STS-31 Fact Sheet
Written and Edited by Cliff Lethbridge
STS-31 -- Discovery
35th Space Shuttle Mission
10th Flight of Discovery
Loren J. Shriver, Commander
Charles F. Bolden, Jr., Pilot
Steven A. Hawley, Mission Specialist
Bruce McCandless II, Mission Specialist
Kathryn D. Sullivan, Mission Specialist
Tow to Orbiter Processing Facility - December 5, 1989
Rollover to Vehicle Assembly Building - March 5, 1990
Rollout to Launch Pad 39B - March 15, 1990
April 24, 1990 - 8:33:51 a.m.
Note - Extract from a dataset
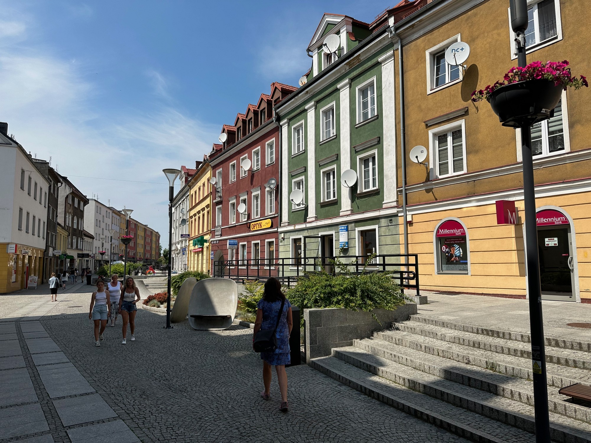 A street in old town of Racibórz (German: Ratibor). With Opole, Racibórz is one of the historic capitals of Upper Silesia, being the residence of the Dukes of Racibórz from 1172 to 1521.

EDT. Launch had been scheduled for April 18, 1990 then moved to April 12, 1990 and finally April 10, 1990. The Flight Readiness Review (FRR) held before each Shuttle launch resulted in the rare selection of a launch date earlier than originally targeted.
However, a launch attempt on April 10, 1990 was scrubbed at T-4 minutes due to a faulty valve in Auxiliary Power Unit (APU) Number One. The faulty APU was replaced and payload batteries were recharged for flight.
April 24 countdown was held momentarily at T-31 seconds when computer software failed to shut down a fuel valve line on ground support equipment. The valve was shut by manual command and the countdown was resumed.
April 29, 1990 - 6:49:57 a.m. PDT at Runway 22, Edwards Air Force Base, California. Rollout distance was 8,889 feet. Rollout time was 61 seconds. Mission duration was 5 days, 1 hour, 16 minutes, 6 seconds. Landing occurred during the 80th orbit. This was the first use of a new carbon braking system on the Shuttle.
The primary payload, the Hubble Space Telescope (HST) was deployed to a 380-statute-mile orbit. Secondary payloads included the IMAX Cargo Bay Camera (ICBC) to document activities outside the crew cabin and hand-held IMAX camera for use inside the crew cabin.
The Ascent Particle Monitor (APM) detected particulate matter in the cargo bay. Also flown were Protein Crystal Growth (PCG) experiments, Radiation Monitoring Equipment III (RME III), Investigations into Polymer Membrane Processing (IPMP), SSIP experiments to study the effects of microgravity on electric arcs and Air Force Maui Optical Site (AMOS) experiment.